◆ **Description of the task**
Copy word for word, please, the lines of the entries below running from the one containing "Os vencimentos para" to the one containing "长袖针织裙女优雅气质长连衣裙过膝长裙子 386435", both ends included.

◆ **Record extracts**
☆ ☆ ☆
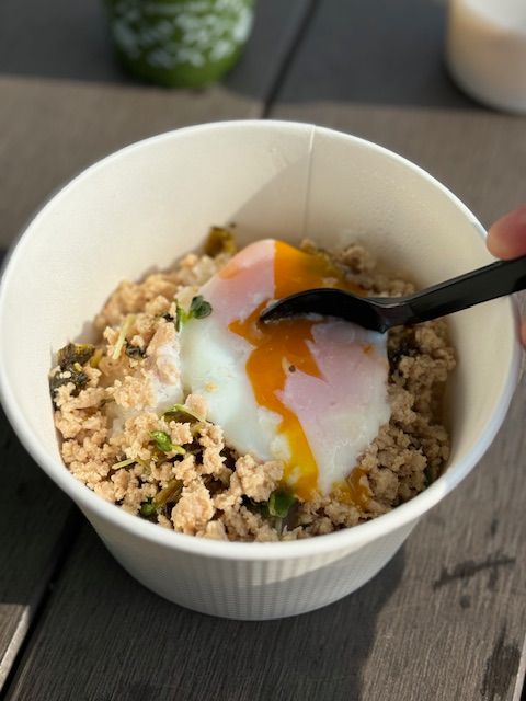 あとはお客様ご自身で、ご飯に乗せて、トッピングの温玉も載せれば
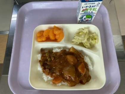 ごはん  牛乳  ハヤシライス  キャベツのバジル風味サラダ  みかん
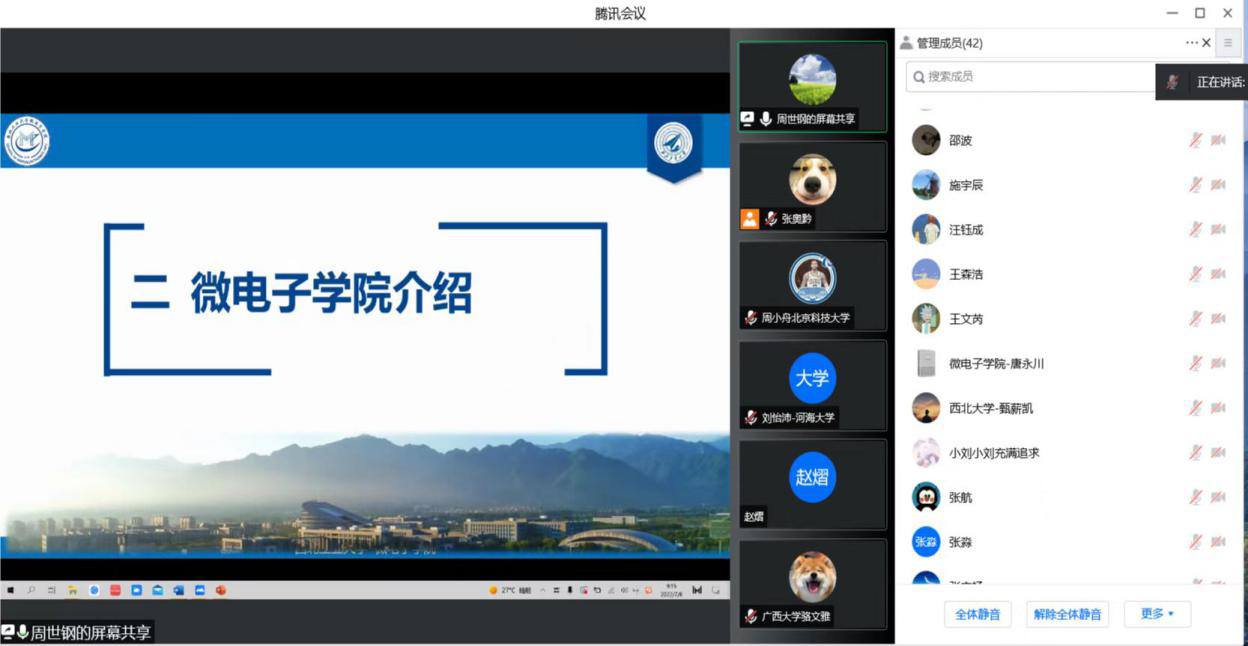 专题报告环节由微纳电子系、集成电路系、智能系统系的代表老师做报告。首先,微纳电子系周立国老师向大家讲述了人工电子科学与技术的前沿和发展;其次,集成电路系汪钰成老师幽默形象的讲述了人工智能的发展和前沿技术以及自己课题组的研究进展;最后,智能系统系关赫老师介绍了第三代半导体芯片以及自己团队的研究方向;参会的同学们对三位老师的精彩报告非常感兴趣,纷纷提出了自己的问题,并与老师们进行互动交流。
☆ ☆ ☆
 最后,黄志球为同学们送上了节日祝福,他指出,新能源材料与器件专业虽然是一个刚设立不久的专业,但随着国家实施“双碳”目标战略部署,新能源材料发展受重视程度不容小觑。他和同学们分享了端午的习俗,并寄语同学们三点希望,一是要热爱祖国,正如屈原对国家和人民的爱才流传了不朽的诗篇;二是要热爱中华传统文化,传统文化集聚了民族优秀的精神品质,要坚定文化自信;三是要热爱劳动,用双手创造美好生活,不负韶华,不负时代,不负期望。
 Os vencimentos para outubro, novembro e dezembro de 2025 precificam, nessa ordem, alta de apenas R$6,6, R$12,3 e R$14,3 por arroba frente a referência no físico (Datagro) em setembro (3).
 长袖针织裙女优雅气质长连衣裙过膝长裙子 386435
☆ ☆ ☆
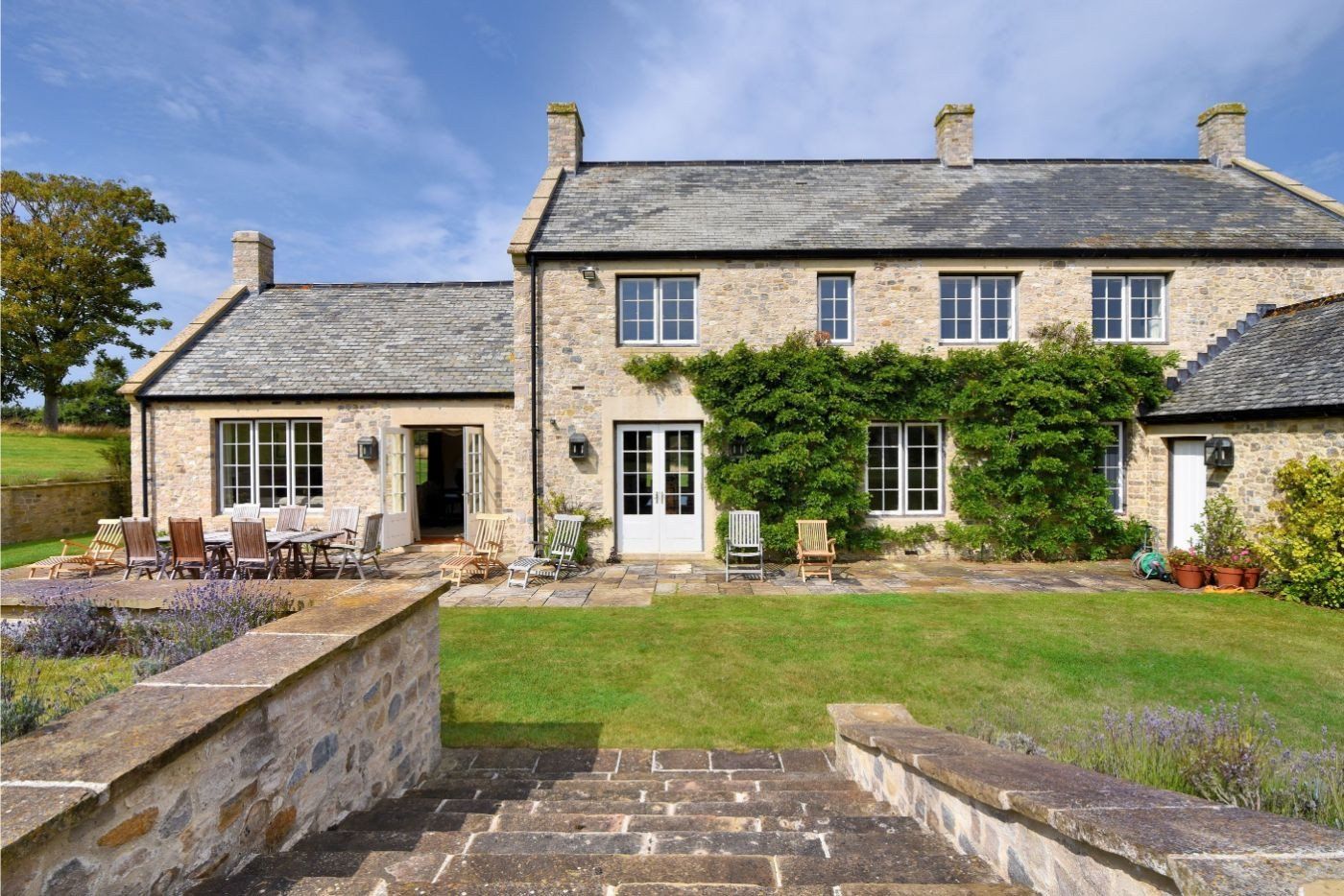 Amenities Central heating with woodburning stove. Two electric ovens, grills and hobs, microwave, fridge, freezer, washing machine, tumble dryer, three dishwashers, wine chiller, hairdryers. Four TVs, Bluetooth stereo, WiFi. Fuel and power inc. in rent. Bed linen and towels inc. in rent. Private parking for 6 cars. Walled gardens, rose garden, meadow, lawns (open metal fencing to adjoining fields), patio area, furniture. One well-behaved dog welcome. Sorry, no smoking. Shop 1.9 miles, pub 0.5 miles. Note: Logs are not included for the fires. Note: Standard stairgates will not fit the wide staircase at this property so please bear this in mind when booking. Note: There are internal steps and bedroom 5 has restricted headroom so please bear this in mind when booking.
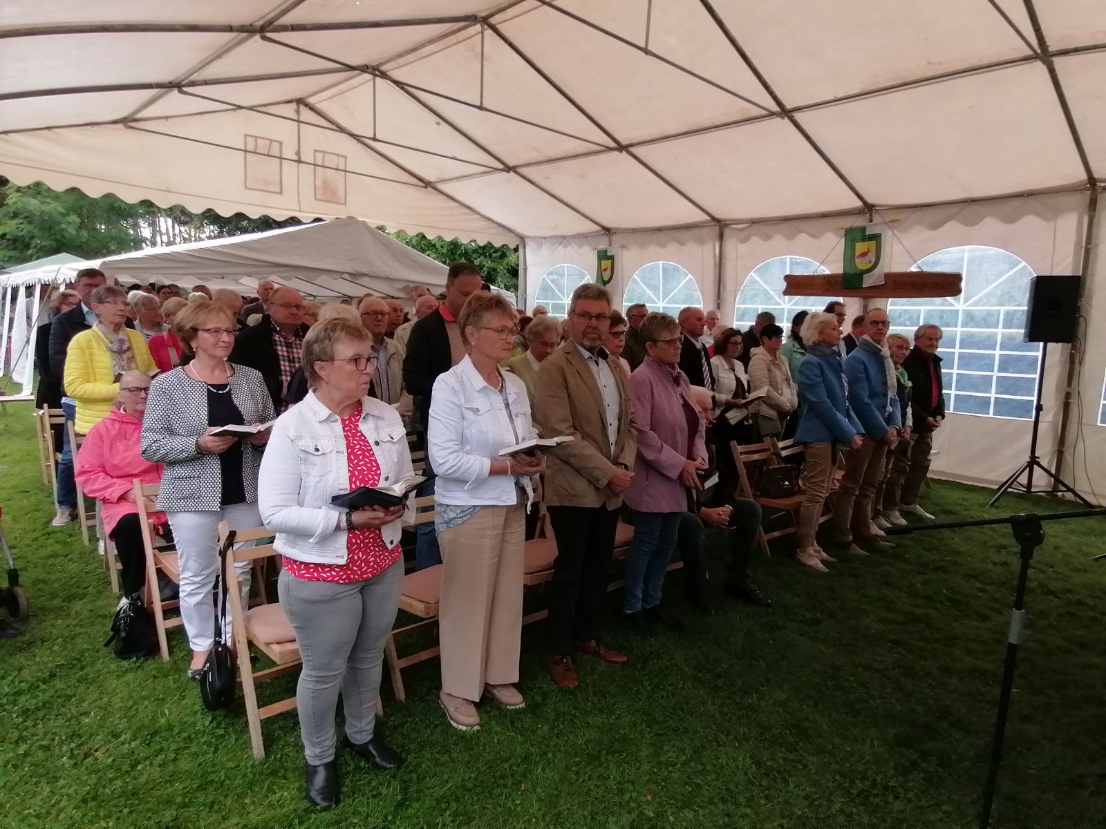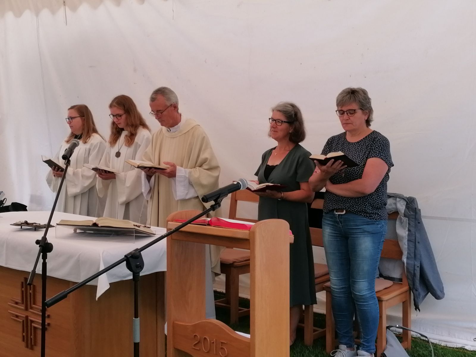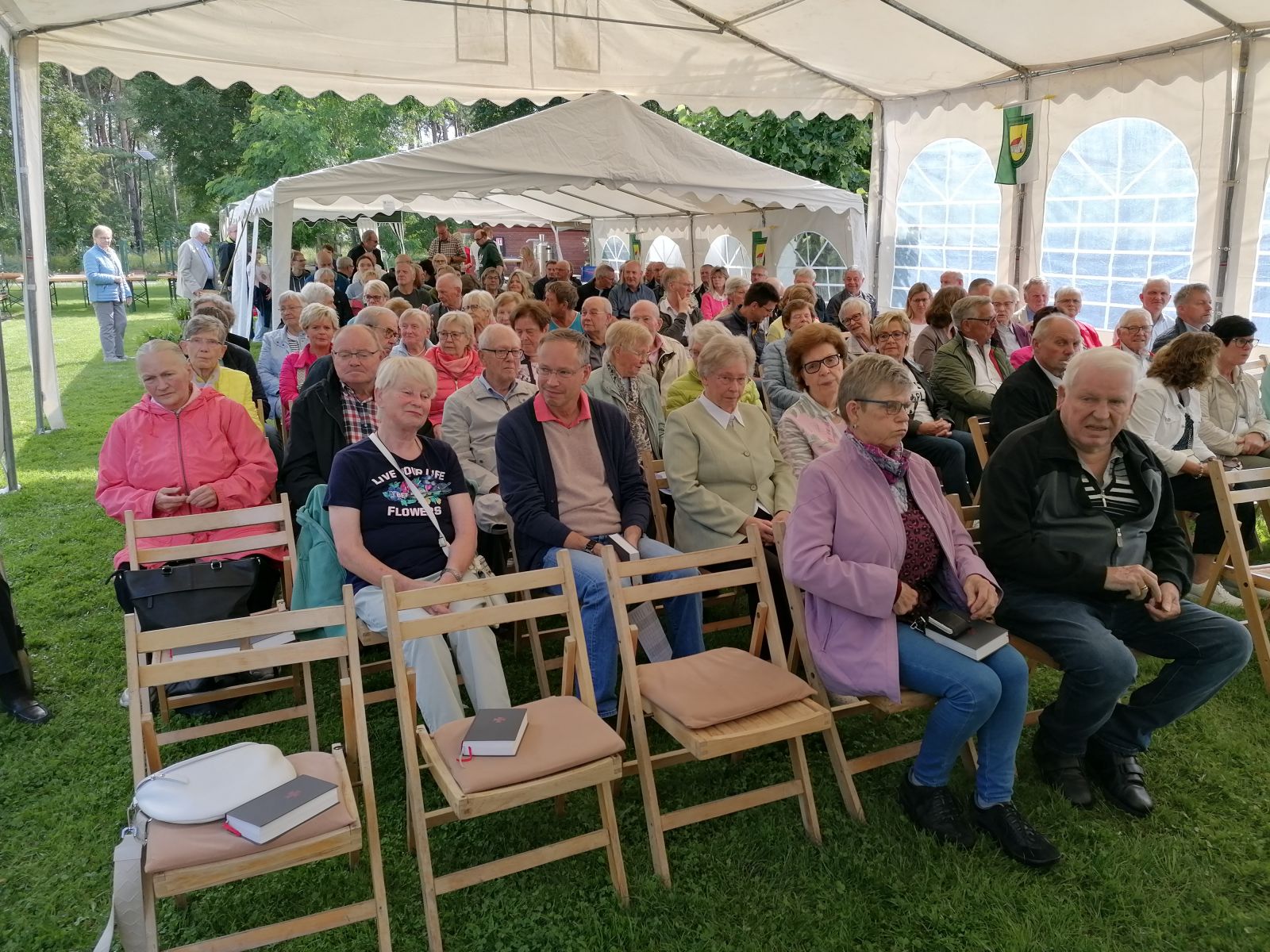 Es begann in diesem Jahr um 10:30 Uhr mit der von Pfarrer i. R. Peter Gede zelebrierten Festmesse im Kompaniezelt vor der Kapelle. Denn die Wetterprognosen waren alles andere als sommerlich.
☆ ☆ ☆
◆ **Solution below**
 Os vencimentos para outubro, novembro e dezembro de 2025 precificam, nessa ordem, alta de apenas R$6,6, R$12,3 e R$14,3 por arroba frente a referência no físico (Datagro) em setembro (3).
 长袖针织裙女优雅气质长连衣裙过膝长裙子 386435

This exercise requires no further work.